The comedian began professionally in 1970 in Arica, where he showed his first works and immediately stood out for the quality and variety of his characters that he was introducing in routines that led him to be known, each one with a hint of current affairs in agreement at the time. Then, he received very positive support from the specialized critics and the public, as well as from the journalist Alfredo Lamadrid, who represented him for several years.

Legrand moved to Santiago, where he performed in a variety of entertainment venues in an effort to identify with people of all ages. His monologues, short jokes, "stories" as he calls them, were reportedly liked by diverse audiences.

His presentations at the now defunct Bim bam bum magazine theater in Santiago were memorable, as were his performances on television and radio. The definitive consecration of Coco Legrand came with his remembered presentation at the XIII Viña del Mar International Song Festival, in 1972, with characters such as Lolo Palanca and Cuesco Cabrera.

In 1977, according to a publication in the newspaper El Mercurio of that year, Legrand would have been part of the so-called "77 young people from Chacarillas", attending a ceremony held in that town. The act was an explicit personal tribute to Augusto Pinochet Ugarte, Legrand, however, has denied having attended such a ceremony.

In the 1980s, his strong suit was the café concerts, six in all. Three of his café concerts took them to the phonogram: With the T-shirt on, Don't vote for me and The Decade of a Coco. To them is added the volume A cantar con Coco Legrand.

On 11 February 1980, the last night of that year's Viña del Mar International Song Festival, the artist's presentation was abruptly cut by TVN to make way for Neil Sedaka's performance in time to meet international broadcasting commitments. While the public demanded the comedian's return to the stage, Coco Legrand was held back, amid the struggles, the producers of the station and the journalists who were trying to interview him. That night, Coco Legrand vowed never to step on the stage of the Viña del Mar Festival again.

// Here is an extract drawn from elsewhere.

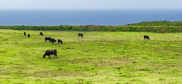 周囲には、島の基幹産業であるウシの放牧地が広がります。

Between 1980 and 1981 he worked in Argentina, where he shot three comic films, two of them with Alberto Olmedo and Jorge Porcel.

The oath of Viña del Mar was kept for 20 years, until the year 2000. At the XLI International Song Festival, there was a reunion between the humorist and the audience of Quinta Vergara. He also appeared in the 2006 and 2010 editions of the contest, taking the highest awards from the public.

In 2003 and 2004, he hosted the program Ciudad Gótica, on Televisión Nacional de Chile (TVN), along with Felipe Camiroaga and Carla Ballero. In 2008, he also had a star of his own on the same channel, broadcast on Tuesdays at 10 pm, called El día del Coco.

Coco Legrand was the manager and owner of Circus Ok, a theater and entertainment company. His friend, actor Jaime Azócar, was the art director. In 2012, the theater was demolished along with other adjoining buildings to build an apartment building. Coco moved its offices to Av. Apoquindo in Las Condes.

In 2016, he reviewed his career on the program 45 años de un Coco, broadcast on the TVN channel. That same year he performed in the theatrical play Viejos de mierda alongside Tomás Vidiella and Jaime Vadell. The comedy was a great success and remained a stable work until Vidiella's death in early 2021.

One of Coco Legrand's hobbies is Harley Davidson motorcycles, of which he has had several, baptizing them with the names of well-known national women due to some important characteristic. Among them are: Chechi Bolocco, Raquel Argandoña, Fernanda Hansen, Pamela Díaz, Gladys Marín and Faloon Larraguibel.

In the animated film Condorito: La Película, the comedian voiced the characters Doña Tremebunda and Don Cuasimodo.

In 2019, a wax statue with his figure was placed in the comedians' area of the Las Condes Wax Museum.

In November 2020 he launched his own online theater website.

He announced his definitive retirement from the stage on June 19, 2024 just before turning 77 and after health difficulties derived from vertigo.

== Monologues ==
- XXI Festival de Viña del Mar (1980)
- Humor al contado (1981)
- Ríase por la recesión o la fuerza (1982)
- Tú te lamentas, de qué te lamentas (1983-1985)
- Con la camiseta puesta (1986-1987)
- No voten por mí (1988-1989)
- La década de un Coco (1990-1992)
- ¿Qué se teje? (1993-1995)
- ¡Al diablo con todo! (1996-1999)
- XLI Festival de Viña del Mar (2000)
- Hasta aquí nomás llegamos (2002)
- XLVII Festival de Viña del Mar (2006)
- Los Coquitos dicen (alongside with his son Matías González - 2007)
- LI Festival Internacional de la Canción de Viña del Mar (2010)
- Terrícolas, Corruptos Pero Organizados (T-CPO) (2010-2014)
- 70 o sé tonto (2022-2024)

== Filmography ==
=== Films ===
- A los cirujanos se les va la mano (1980)
- Las mujeres son cosa de guapos (1981)
- Abierto día y noche (1981)
- Cesante (2003)
- Héroes (2005)
- Lokas (2008)
- Condorito: La Película (2017)

=== Television ===
- Centralízate, gallo, en la alta tensión (1979)
- Mediomundo (1985)
- De lo bueno... Coco (1990)
- Maravillozoo (1995-2002)
- Por fin es lunes (2002)
- El día del Coco (2008)
- 45 años de un Coco (2016)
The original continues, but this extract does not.